- _Dataset entries_:
------------------------------

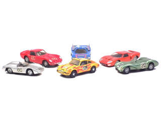 réalisation en métal - kit monté - miniatures reproduisant notamment les modèles : PORSCHE, FERRARI & FORD - petits manques & parties cassées
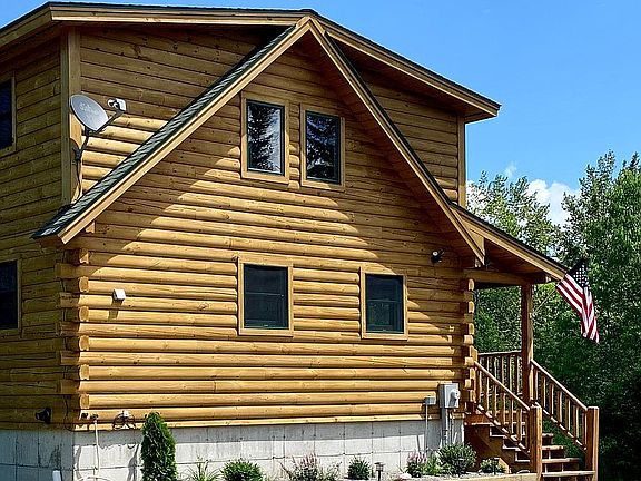 **PENDING**Location location & move in ready and enjoy!! What a spectacular example of the log home everyone dreams about. Quality is evident and is being sold completely furnished in immaculate condition. Situated on 1.25 acres in a cul-de-sac residential neighborhood, this 3 bedroom 2 1/2 bath, Coventry custom "Swiftwater" cabin with double dormers was built in 2015 has 151 feet of deeded riverfront to the beautiful and warm Ammonoosuc river. Perfect for fishing, swimming and tubing. Many upgrades were done in the building process with Anderson windows and doors, spray foam insulation, wooden trusses, hardwood floors, upgraded tile, stainless steel farmers sink, granite bathroom vanities, recessed lighting and 10 ft walkout basement ceilings. Features public water, 3 bedroom septic, and currently has Dish network and wifi installed. Enjoy multiple levels for lots of living options. Open concept featuring cathedral ceilings and ample windows which bathe the space in soothing, natural light. Walls are tongue and groove pine giving the entire living room, dining area and kitchen area a warm and satisfying feeling. Kitchen is well appointed with stainless steel appliances, granite counter tops an island work space and seating for 4. Main floor entrance welcomes you to a tiled 12x12 mudroom perfect and necessary for guests, and ski equipment. Main level has convenience of a half bath with laundry, open concept kitchen dining and living room, with sliders to the large wrap around oversized deck with cedar railings and locked storage under covered deck. Featured on the second floor are two bedrooms with a common full bath creating options for you and your guests. Lower walkout basement level boasts windows for natural lighting, a splendid gathering space /family room with double door access to an outside stone area with fire pit and short walking trail down to the river, another bedroom and full bath complete this unique home. Ideal for year-round enjoyment with excellent proximity to all seasons of recreation. Outside natural landscaping with a detached shed accommodating 1 snowmobile, just head out from the yard to NH maintained snowmobile trails. 10 minutes off I-93,15 Minutes to Bretton Woods, Cannon Mountain and Santa's village. Phenomenal second home or income property. An absolute must see!! Contact call or text Allison @ 603-401-2026, or acoles91@yahoo.com
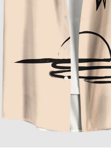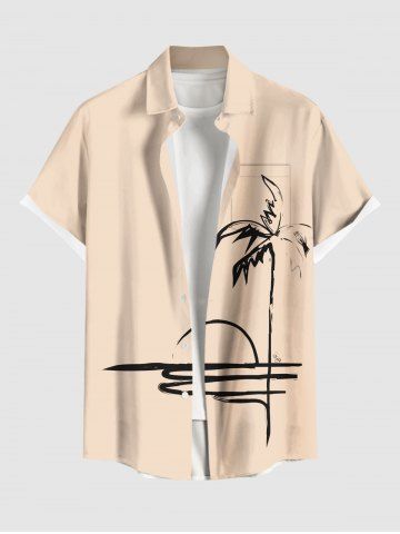 Chemise Imprimé Cocotier Peint à la Main Grande Taille avec Poche - Café Lumière - 2xl
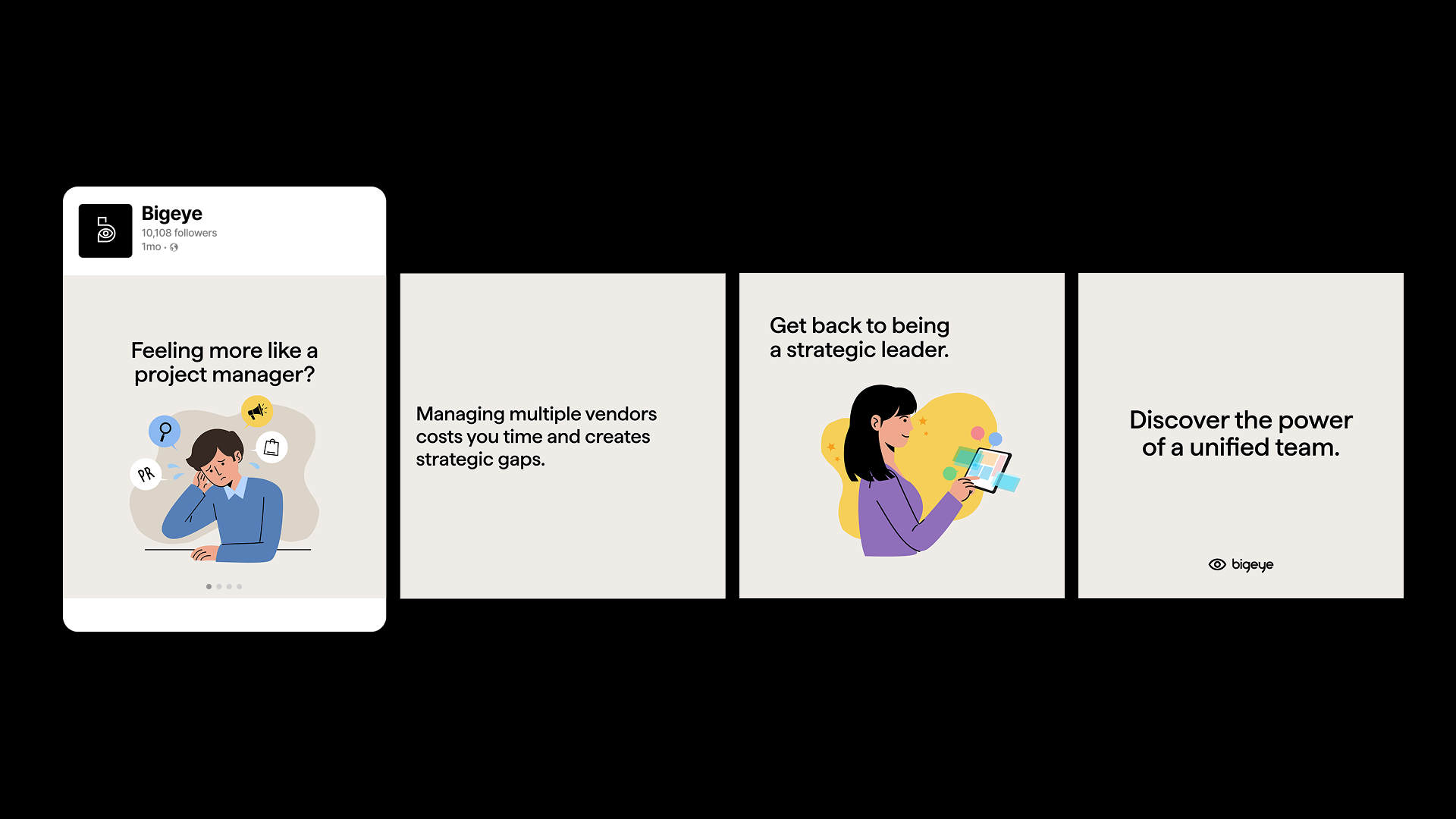 Contracted to develop a simple yet compelling LinkedIn ad campaign that includes single images and carousels, as well as business covers and personal headers, adhering to brand style guides.
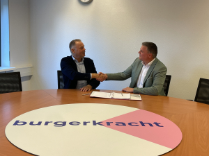 Op de foto staan Han von den Hoff, Directeur/bestuurder Stichting Burgerkracht Limburg en Geert Versteegen, Directeur van Pink Elephant Zuid
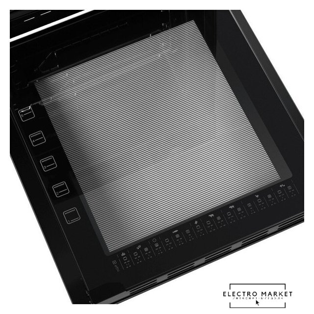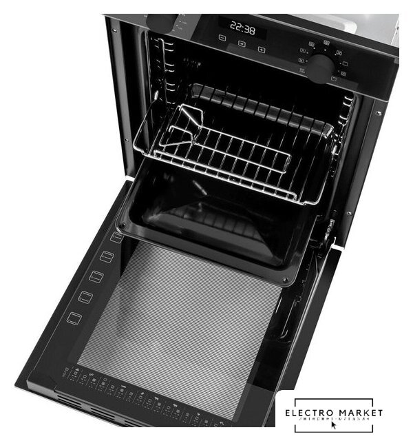 электрический с конвекцией, объем 60 л, утапливаемые переключатели, 6 режимов, очистка паровая, 3 стекла в дверце, направляющие проволочные

------------------------------

- _WHAT TO WORK ON_:
The records above need to be restated word for word, with the pictures left out.

- _ANSWER BELOW_:
 réalisation en métal - kit monté - miniatures reproduisant notamment les modèles : PORSCHE, FERRARI & FORD - petits manques & parties cassées
 **PENDING**Location location & move in ready and enjoy!! What a spectacular example of the log home everyone dreams about. Quality is evident and is being sold completely furnished in immaculate condition. Situated on 1.25 acres in a cul-de-sac residential neighborhood, this 3 bedroom 2 1/2 bath, Coventry custom "Swiftwater" cabin with double dormers was built in 2015 has 151 feet of deeded riverfront to the beautiful and warm Ammonoosuc river. Perfect for fishing, swimming and tubing. Many upgrades were done in the building process with Anderson windows and doors, spray foam insulation, wooden trusses, hardwood floors, upgraded tile, stainless steel farmers sink, granite bathroom vanities, recessed lighting and 10 ft walkout basement ceilings. Features public water, 3 bedroom septic, and currently has Dish network and wifi installed. Enjoy multiple levels for lots of living options. Open concept featuring cathedral ceilings and ample windows which bathe the space in soothing, natural light. Walls are tongue and groove pine giving the entire living room, dining area and kitchen area a warm and satisfying feeling. Kitchen is well appointed with stainless steel appliances, granite counter tops an island work space and seating for 4. Main floor entrance welcomes you to a tiled 12x12 mudroom perfect and necessary for guests, and ski equipment. Main level has convenience of a half bath with laundry, open concept kitchen dining and living room, with sliders to the large wrap around oversized deck with cedar railings and locked storage under covered deck. Featured on the second floor are two bedrooms with a common full bath creating options for you and your guests. Lower walkout basement level boasts windows for natural lighting, a splendid gathering space /family room with double door access to an outside stone area with fire pit and short walking trail down to the river, another bedroom and full bath complete this unique home. Ideal for year-round enjoyment with excellent proximity to all seasons of recreation. Outside natural landscaping with a detached shed accommodating 1 snowmobile, just head out from the yard to NH maintained snowmobile trails. 10 minutes off I-93,15 Minutes to Bretton Woods, Cannon Mountain and Santa's village. Phenomenal second home or income property. An absolute must see!! Contact call or text Allison @ 603-401-2026, or acoles91@yahoo.com
 Chemise Imprimé Cocotier Peint à la Main Grande Taille avec Poche - Café Lumière - 2xl
 Contracted to develop a simple yet compelling LinkedIn ad campaign that includes single images and carousels, as well as business covers and personal headers, adhering to brand style guides.
 Op de foto staan Han von den Hoff, Directeur/bestuurder Stichting Burgerkracht Limburg en Geert Versteegen, Directeur van Pink Elephant Zuid
 электрический с конвекцией, объем 60 л, утапливаемые переключатели, 6 режимов, очистка паровая, 3 стекла в дверце, направляющие проволочные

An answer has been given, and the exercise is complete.